Westpac announced on Thursday that its three smaller subsidiary banks had opened up access to Apple Pay for iPhone and Apple Watch users to tap and pay in store, or to help simplify purchases in apps and on some websites.
Customers of St. George, BankSA and Bank of Melbourne just need to have an eligible Visa debit card or credit card which they can set up to use with Apple Pay, the announcement said.

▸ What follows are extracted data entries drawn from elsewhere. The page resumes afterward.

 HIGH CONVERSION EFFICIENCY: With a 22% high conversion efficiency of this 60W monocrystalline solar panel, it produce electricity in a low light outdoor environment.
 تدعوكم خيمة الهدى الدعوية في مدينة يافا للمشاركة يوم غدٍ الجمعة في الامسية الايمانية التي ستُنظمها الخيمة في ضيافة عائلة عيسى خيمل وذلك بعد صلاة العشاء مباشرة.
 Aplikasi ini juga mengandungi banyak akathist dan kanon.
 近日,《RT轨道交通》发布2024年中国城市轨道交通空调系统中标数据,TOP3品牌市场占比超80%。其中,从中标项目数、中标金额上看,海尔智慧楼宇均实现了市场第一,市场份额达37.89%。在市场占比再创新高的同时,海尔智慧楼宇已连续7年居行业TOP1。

Eftpos and Mastercard facilities are still unavailable at this stage.
Only Android customers had previously had access to tap-and-pay services with these banks, via services such as Samsung Pay and Google Pay.

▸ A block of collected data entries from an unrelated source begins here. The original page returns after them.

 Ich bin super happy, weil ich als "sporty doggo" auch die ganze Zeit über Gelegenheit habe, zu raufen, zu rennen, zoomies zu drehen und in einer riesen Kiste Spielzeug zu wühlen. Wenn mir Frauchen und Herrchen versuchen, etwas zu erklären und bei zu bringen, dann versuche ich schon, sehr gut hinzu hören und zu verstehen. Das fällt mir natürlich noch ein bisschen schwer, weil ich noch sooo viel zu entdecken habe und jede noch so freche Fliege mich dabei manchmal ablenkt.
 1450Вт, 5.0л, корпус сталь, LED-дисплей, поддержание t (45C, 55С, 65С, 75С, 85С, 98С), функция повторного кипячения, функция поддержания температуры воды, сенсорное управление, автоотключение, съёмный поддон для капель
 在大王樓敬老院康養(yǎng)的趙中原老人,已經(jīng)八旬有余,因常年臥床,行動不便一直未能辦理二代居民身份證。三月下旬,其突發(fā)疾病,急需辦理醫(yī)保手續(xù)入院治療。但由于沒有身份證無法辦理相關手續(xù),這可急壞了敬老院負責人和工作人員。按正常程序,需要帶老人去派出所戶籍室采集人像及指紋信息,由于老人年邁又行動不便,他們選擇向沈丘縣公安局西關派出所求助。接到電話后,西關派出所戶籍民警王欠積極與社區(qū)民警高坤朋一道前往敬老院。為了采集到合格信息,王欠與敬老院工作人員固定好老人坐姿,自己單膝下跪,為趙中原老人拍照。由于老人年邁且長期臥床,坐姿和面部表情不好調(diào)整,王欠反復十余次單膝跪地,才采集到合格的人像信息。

Westpac still doesn’t have Apple Pay, but the Group Chief Executive of its consumer banking division, David Lindberg, today promised customers it would be delivered by June 2020.
“We want to assure Westpac customers we are working to bring them Apple Pay as quickly as possible, while we roll-out the technology across our different banking platforms,” Mr Lindberg said.
While Westpac remains out in the cold with no Apple Pay, its three biggest competitors all offer the service.
CBA, Westpac and NAB, along with Bendigo and Adelaide Bank, were at loggerheads with Apple in 2016 and wanted access to the tech giant’s technology so they could create competing digital wallets to Apple Pay.
However, the banks lost their bid in 2017 to use Apple’s Near-Field Communication controller chips in iPhones, when the Australian Competition and Consumer Commission (ACCC) ruled in favour of Apple.
Following those unsuccessful negotiations, the three majors collaborated to create their own peer-to-peer mobile payments app called Beem It, which is still in operation.
While Westpac is promising some good technology news for its customers, it is also embroiled in legal controversy, with the financial crimes regulator AUSTRAC alleging last month the bank had committed over 23 million breaches of anti-money laundering laws between 2013 and 2018.
It has also now been served with its first class action lawsuit in relation to the money laundering scandal, with the law firm Phi Finney McDonald alleging Westpac misled shareholders.